■ TASK ITEM
After reading the entries below, copy word for word the lines from the first through the line containing "Подкатной домкрат Rockforce", and stop there.

%%

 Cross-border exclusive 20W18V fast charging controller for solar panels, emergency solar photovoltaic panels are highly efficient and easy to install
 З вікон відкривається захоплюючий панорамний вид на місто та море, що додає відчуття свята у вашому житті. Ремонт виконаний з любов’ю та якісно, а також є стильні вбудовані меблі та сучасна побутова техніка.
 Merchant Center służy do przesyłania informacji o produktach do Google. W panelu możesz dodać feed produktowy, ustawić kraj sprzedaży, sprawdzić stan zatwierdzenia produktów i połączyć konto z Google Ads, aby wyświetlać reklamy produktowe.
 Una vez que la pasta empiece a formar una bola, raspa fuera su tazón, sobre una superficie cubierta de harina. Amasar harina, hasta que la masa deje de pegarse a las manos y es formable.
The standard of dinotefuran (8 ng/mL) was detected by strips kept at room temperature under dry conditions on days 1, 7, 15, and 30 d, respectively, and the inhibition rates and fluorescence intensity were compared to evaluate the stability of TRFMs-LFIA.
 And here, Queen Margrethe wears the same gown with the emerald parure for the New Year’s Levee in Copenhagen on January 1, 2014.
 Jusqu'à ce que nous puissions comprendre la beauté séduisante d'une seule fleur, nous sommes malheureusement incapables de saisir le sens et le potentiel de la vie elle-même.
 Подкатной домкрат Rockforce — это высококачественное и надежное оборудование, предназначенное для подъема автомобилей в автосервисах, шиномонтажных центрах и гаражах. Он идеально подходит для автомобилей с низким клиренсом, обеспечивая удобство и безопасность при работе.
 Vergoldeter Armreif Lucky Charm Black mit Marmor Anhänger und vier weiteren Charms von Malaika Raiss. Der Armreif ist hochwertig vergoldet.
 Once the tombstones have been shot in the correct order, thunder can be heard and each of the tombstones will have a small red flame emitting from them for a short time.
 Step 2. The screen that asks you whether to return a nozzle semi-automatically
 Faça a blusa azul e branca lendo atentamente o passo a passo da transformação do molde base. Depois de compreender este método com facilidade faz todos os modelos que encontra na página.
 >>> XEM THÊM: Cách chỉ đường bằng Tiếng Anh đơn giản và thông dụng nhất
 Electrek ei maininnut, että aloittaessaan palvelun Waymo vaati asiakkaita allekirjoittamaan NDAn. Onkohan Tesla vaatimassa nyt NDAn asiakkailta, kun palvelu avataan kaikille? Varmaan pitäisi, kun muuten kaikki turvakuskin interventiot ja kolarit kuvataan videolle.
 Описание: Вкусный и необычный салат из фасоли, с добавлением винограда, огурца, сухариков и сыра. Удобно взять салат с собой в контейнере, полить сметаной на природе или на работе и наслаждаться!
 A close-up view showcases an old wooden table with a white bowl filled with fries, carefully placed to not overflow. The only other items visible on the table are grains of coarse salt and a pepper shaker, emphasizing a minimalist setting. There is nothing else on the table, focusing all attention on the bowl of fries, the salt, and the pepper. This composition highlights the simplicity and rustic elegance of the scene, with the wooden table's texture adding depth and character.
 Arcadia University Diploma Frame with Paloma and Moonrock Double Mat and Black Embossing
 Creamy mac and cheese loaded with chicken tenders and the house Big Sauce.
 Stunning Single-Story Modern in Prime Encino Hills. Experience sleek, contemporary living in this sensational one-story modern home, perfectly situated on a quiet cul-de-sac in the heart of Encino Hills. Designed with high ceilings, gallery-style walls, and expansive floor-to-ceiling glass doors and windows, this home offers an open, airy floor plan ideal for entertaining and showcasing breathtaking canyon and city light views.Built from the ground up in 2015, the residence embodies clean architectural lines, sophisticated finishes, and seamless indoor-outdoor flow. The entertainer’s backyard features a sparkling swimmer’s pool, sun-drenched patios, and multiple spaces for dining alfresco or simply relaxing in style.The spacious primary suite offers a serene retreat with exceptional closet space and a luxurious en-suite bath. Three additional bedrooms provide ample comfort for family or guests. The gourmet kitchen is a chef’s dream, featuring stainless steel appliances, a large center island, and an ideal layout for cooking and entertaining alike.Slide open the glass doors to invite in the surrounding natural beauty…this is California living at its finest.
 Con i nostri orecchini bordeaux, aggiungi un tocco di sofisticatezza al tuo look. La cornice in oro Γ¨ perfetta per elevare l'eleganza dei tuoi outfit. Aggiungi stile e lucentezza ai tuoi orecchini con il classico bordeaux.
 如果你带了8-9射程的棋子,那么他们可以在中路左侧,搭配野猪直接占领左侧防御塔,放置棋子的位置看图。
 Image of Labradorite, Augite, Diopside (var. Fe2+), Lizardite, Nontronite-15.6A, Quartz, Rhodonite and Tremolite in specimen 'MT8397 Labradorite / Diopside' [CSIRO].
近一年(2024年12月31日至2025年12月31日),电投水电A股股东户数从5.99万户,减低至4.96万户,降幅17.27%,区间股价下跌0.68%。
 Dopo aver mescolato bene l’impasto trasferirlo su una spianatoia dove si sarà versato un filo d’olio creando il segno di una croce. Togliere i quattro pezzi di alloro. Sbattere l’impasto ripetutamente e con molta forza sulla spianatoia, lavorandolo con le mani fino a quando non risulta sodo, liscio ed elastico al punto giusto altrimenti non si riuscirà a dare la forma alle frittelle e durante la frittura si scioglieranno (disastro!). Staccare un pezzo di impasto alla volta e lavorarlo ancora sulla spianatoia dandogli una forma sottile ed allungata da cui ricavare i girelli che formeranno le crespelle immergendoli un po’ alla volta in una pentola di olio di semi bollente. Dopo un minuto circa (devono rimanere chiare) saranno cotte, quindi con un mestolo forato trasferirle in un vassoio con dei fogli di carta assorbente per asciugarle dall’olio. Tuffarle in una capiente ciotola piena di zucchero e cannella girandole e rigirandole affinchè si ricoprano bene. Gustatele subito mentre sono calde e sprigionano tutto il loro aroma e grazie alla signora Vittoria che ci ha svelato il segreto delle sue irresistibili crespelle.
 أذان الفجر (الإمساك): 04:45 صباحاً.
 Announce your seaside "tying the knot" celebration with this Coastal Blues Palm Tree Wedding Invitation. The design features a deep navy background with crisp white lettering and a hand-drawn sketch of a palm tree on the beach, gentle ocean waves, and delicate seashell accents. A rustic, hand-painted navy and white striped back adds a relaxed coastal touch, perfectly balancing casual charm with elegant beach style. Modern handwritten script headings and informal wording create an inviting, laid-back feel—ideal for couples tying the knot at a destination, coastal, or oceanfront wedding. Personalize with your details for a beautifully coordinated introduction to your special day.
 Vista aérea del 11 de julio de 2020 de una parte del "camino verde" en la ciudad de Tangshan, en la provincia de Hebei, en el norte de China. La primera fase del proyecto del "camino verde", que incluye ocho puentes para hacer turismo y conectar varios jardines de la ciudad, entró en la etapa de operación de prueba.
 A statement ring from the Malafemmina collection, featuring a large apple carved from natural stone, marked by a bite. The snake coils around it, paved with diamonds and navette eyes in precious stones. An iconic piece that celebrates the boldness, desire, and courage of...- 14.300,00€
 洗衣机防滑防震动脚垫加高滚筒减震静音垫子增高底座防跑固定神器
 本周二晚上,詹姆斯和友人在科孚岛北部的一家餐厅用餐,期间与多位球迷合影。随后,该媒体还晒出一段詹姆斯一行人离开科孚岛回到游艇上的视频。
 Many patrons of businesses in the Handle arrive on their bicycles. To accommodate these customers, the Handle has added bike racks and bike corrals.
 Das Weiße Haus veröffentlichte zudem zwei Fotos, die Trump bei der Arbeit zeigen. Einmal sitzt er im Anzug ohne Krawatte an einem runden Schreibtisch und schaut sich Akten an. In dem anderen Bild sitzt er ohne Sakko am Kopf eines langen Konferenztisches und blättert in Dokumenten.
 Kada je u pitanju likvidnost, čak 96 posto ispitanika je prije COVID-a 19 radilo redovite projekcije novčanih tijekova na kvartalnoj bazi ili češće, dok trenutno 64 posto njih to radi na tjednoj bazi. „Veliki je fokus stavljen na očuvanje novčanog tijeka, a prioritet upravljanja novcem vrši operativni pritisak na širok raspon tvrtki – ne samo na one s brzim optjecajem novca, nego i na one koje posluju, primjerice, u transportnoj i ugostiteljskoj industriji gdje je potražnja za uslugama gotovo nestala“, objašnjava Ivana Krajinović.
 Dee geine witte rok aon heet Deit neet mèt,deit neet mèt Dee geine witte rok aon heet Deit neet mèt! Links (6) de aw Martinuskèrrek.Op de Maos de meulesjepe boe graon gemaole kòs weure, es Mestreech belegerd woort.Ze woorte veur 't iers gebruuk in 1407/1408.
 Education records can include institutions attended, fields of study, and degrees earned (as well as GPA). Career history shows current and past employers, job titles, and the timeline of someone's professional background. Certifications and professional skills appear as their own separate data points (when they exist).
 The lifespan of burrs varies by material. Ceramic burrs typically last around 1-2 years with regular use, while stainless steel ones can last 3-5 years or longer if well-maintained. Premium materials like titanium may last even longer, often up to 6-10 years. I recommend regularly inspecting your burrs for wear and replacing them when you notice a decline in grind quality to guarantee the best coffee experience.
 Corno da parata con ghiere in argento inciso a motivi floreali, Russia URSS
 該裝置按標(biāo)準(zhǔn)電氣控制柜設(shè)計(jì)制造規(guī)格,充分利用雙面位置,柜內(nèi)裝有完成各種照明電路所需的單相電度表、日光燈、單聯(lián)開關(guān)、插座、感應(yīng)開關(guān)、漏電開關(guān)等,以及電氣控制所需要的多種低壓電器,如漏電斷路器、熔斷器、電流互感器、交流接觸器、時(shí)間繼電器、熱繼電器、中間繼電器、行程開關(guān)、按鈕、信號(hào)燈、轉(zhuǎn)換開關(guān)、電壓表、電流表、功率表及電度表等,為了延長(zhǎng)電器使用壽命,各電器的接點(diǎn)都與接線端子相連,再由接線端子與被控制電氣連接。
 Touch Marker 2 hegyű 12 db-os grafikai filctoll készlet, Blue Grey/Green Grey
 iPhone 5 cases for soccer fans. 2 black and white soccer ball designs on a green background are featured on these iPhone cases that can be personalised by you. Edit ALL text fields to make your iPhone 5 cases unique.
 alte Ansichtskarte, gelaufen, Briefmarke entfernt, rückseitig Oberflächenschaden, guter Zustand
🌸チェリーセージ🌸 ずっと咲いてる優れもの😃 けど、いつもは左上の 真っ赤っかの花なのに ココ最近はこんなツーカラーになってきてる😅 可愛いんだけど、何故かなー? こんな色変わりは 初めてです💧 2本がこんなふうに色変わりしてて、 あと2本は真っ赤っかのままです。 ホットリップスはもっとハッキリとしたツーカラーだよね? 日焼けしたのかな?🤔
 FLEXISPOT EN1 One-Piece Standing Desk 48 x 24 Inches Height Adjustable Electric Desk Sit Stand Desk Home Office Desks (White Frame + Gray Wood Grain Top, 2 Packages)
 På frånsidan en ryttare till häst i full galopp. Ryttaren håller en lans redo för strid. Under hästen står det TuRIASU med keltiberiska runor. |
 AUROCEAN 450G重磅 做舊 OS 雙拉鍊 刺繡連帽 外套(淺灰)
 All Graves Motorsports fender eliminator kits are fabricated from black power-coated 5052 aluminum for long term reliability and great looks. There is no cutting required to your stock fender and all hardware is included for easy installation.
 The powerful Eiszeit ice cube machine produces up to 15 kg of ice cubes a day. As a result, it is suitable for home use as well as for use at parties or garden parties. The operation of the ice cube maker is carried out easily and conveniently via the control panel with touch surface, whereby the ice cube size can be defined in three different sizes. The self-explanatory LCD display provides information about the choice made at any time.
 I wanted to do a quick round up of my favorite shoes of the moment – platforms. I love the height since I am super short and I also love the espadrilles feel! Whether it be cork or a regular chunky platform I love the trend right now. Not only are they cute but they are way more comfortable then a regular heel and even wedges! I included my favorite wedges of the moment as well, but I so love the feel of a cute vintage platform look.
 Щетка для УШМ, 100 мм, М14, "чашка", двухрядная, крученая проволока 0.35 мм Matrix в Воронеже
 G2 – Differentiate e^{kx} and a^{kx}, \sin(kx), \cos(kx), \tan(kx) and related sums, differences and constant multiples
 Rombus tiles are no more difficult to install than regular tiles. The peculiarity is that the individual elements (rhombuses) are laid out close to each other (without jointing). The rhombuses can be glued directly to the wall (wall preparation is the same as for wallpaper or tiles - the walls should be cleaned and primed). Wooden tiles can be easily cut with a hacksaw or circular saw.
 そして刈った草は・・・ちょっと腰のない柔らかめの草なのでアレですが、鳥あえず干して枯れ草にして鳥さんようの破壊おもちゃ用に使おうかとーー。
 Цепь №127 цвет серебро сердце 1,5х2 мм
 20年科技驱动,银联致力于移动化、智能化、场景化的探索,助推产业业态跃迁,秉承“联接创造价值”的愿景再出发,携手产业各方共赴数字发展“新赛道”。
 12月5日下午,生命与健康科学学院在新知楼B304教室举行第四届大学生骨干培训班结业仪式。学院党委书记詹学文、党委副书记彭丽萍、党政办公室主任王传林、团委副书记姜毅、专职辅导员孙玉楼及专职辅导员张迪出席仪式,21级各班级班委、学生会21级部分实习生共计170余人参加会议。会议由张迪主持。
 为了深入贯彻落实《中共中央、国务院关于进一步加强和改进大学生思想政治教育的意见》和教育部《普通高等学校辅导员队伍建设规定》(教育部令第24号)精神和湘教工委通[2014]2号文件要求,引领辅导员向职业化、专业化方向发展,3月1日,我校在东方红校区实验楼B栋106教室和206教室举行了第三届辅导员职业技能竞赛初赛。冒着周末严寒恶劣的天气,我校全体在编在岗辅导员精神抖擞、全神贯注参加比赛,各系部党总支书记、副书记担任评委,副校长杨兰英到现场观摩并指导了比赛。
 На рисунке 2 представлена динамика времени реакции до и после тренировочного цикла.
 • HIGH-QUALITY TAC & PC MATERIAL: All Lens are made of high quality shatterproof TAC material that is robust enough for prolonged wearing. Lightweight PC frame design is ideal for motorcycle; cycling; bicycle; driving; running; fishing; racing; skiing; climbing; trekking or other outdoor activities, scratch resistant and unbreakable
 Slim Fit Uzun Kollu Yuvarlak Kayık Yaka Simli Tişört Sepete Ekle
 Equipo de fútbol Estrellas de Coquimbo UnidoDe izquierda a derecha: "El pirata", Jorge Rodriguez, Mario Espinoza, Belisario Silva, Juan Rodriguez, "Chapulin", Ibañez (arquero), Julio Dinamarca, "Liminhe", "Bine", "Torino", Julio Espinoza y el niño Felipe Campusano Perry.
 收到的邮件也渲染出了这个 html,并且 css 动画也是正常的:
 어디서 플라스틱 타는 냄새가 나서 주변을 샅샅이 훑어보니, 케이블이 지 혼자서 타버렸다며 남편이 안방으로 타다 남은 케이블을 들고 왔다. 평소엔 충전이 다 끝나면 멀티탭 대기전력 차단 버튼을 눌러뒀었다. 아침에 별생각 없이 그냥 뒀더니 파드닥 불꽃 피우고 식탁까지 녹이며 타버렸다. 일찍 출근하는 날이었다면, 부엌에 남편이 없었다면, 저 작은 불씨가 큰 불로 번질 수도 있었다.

%%

■ YOUR SOLUTION
 Cross-border exclusive 20W18V fast charging controller for solar panels, emergency solar photovoltaic panels are highly efficient and easy to install
 З вікон відкривається захоплюючий панорамний вид на місто та море, що додає відчуття свята у вашому житті. Ремонт виконаний з любов’ю та якісно, а також є стильні вбудовані меблі та сучасна побутова техніка.
 Merchant Center służy do przesyłania informacji o produktach do Google. W panelu możesz dodać feed produktowy, ustawić kraj sprzedaży, sprawdzić stan zatwierdzenia produktów i połączyć konto z Google Ads, aby wyświetlać reklamy produktowe.
 Una vez que la pasta empiece a formar una bola, raspa fuera su tazón, sobre una superficie cubierta de harina. Amasar harina, hasta que la masa deje de pegarse a las manos y es formable.
The standard of dinotefuran (8 ng/mL) was detected by strips kept at room temperature under dry conditions on days 1, 7, 15, and 30 d, respectively, and the inhibition rates and fluorescence intensity were compared to evaluate the stability of TRFMs-LFIA.
 And here, Queen Margrethe wears the same gown with the emerald parure for the New Year’s Levee in Copenhagen on January 1, 2014.
 Jusqu'à ce que nous puissions comprendre la beauté séduisante d'une seule fleur, nous sommes malheureusement incapables de saisir le sens et le potentiel de la vie elle-même.
 Подкатной домкрат Rockforce — это высококачественное и надежное оборудование, предназначенное для подъема автомобилей в автосервисах, шиномонтажных центрах и гаражах. Он идеально подходит для автомобилей с низким клиренсом, обеспечивая удобство и безопасность при работе.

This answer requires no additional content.